Нет, этого не случилось. Я знала тверже всего на свете, что Аполлон приходил в тот день. Схватил меня бессмертною рукой. Ядовитой слюной обжег мне рот. Память об этом вошла в мою кровь, прикосновение Аполлона клеймом отпечаталось на теле, видения, доставшиеся мне от него, вспыхивали и гасли, переплетались, стремясь одержать друг над другом верх и никак не складываясь в четкую картину. Но из любви к обеспокоенным родителям я старалась заглушить воспоминания, придержать язык, остановить поток непрошеных пророчеств, никому не нужных и послуживших бы в лучшем случае доказательством моего безумия, а в худшем – непочтительности к богу.

Но видения по-настоящему яркие будто отверзали в сознании ревущую пропасть, наполненную светом, и тогда уже я просто распадалась на куски. От дара Аполлона воспламенялся рассудок, и я, ослепнув от явленных им озарений, в муках каталась по полу и кричала. Словом, на люди лишний раз показываться не стоило.

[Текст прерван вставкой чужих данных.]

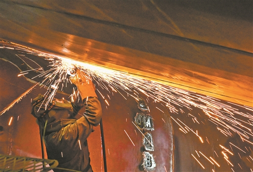 2025年9月18日晚,工人在打磨船体上的焊缝。
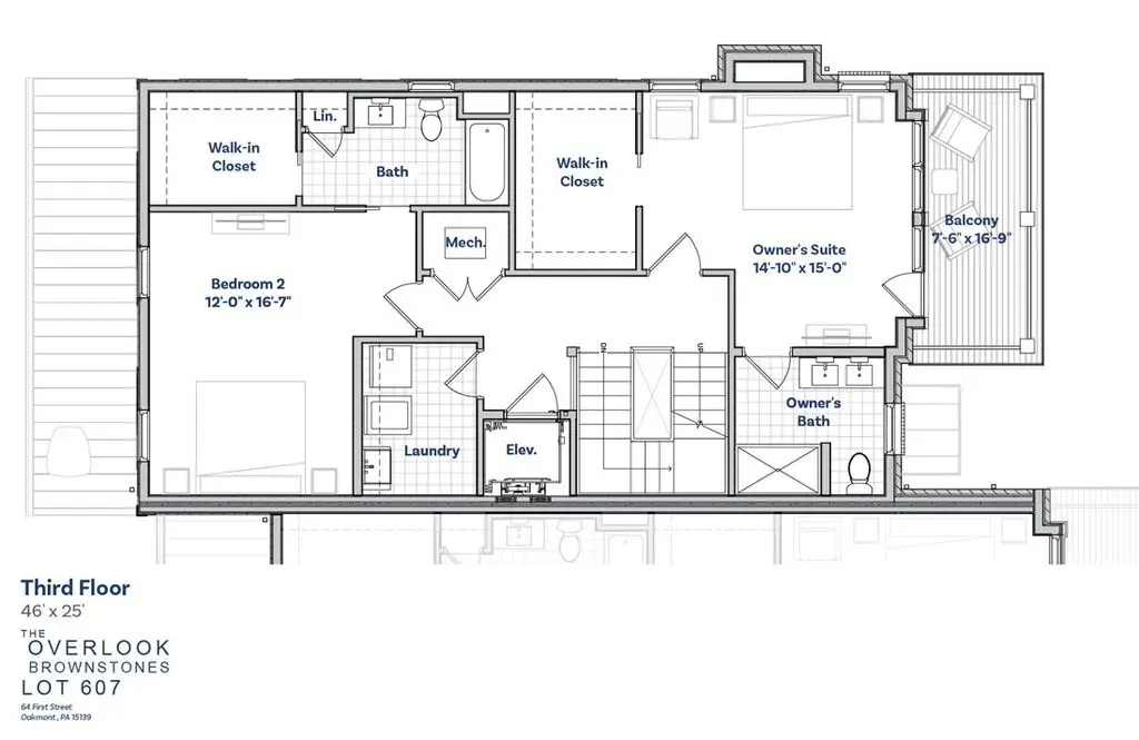 Welcome to the Overlook Brownstones, modern city-style vertical residences within The River's Edge of Oakmont community. This brand-new residence stands tall along the Allegheny River with water views from the multi-level balconies and large top-level terrace with fireplace. As a corner unit, many tall windows make it bright and airy. Interior features include an in-home elevator, open floorplan with 10-ft ceilings on main level, 3C/B?B=4-bedroom suites and bonus room. Finished to drywall stage > buyers can make interior selections and customize to their liking. The riverfront clubhouse for residents includes a fitness center, infinity pool, great room/party room, and fire-pit. Low-maintenance community C/B?B=no more cutting your grass! Paved walking trail along the water. Close to the shop and restaurants of the Oakmont business district. 30 minutes or less to Downtown, Oakland or Bakery Square.
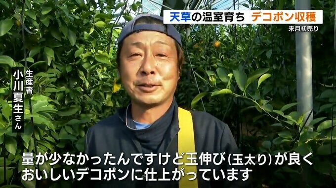 天草市志柿町(あまくさまち しかきまち)にある小川 夏生さんのハウスでは、初出荷に向け直径9センチほどに育ったデコポンの収穫が行われています。
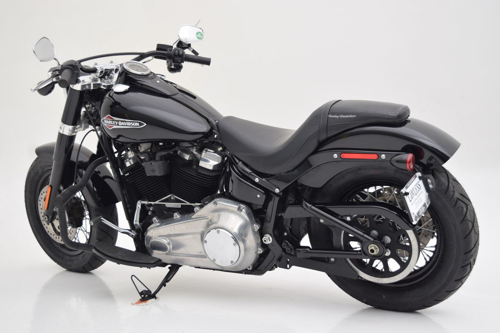 This 2020 Harley-Davidson® FLSL Softail® Slim® is a timeless cruiser finished in classic black with just 8,484 miles. Powered by the Milwaukee-Eight® 107 engine, this Softail Slim delivers smooth, responsive performance with that unmistakable Harley-Davidson rumble. This bike is equipped with an upgraded Rinehart exhaust system, providing a deep, aggressive tone while enhancing overall performance. An upgraded seat adds both comfort and style, making it ideal for longer rides or daily cruising. With its minimalist bobber-inspired design, laced wheels, and low-slung stance, the Softail Slim blends old-school looks with modern engineering. Clean, well-kept, and tastefully upgraded, this FLSL is ready to hit the road and turn heads wherever it goes.
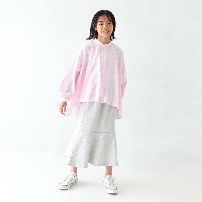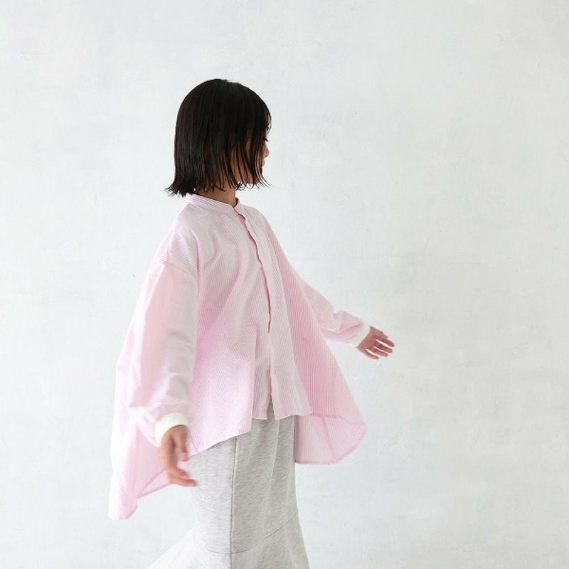 ふんわりしたフレアシルエットのストライプシャツ。
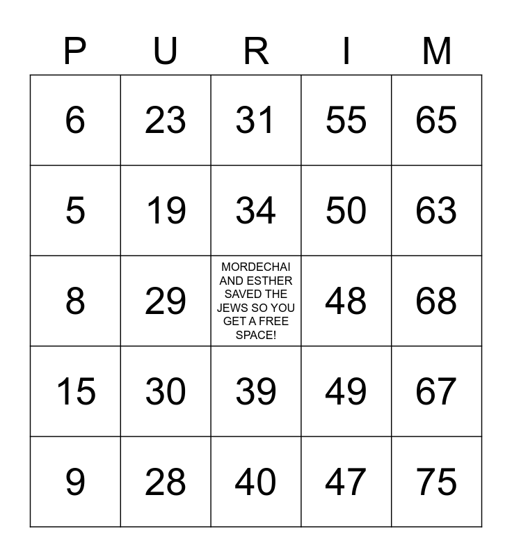 This bingo card has a free space and 75 words: 1, 16, 31, 46, 61, 2, 17, 32, 47, 62, 3, 18, 48, 63, 4, 19, 33, 49, 64, 5, 20, 34, 50, 65, 6, 21, 35, 51, 66, 7, 22, 36, 52, 67, 8, 23, 37, 53, 68, 9, 24, 38, 54, 69, 10, 25, 39, 55, 70, 11, 26, 40, 56, 71, 12, 27, 41, 57, 72, 13, 28, 42, 58, 73, 14, 29, 43, 59, 74, 15, 30, 44, 60, 75 and 45.

И в спальне у себя не было мне ни покоя, ни защиты. Никакого спасения от Аполлона, вторгавшегося в мой разум. В целом городе не находила я убежища, а теперь и в собственных мыслях уже не хозяйничала. И жила в страхе даже в передышках между приступами, не в силах предугадать, когда мною опять овладеют видения.

В час затишья я лежала без сна под мягким светом серебристой луны. С воспаленными глазами и без сил, зато в полном покое. На столе стоял нетронутый поднос с едой – юная рабыня принесла его уже давно, а потом пятилась к двери, потупив взор и явно стремясь поскорей от меня уйти. От горки блестящих оливок в рассоле исходил пряный, густой аромат и, смешиваясь с солоноватым запахом раскрошенного сыра, напоминал о темных клубах водорослей у морского берега, где я любила гулять. От кувшина с вином веяло сладостью, и приходил на память храм, безмолвные часы служения богу. Там я и правда чувствовала себя на своем месте, а больше никогда и нигде.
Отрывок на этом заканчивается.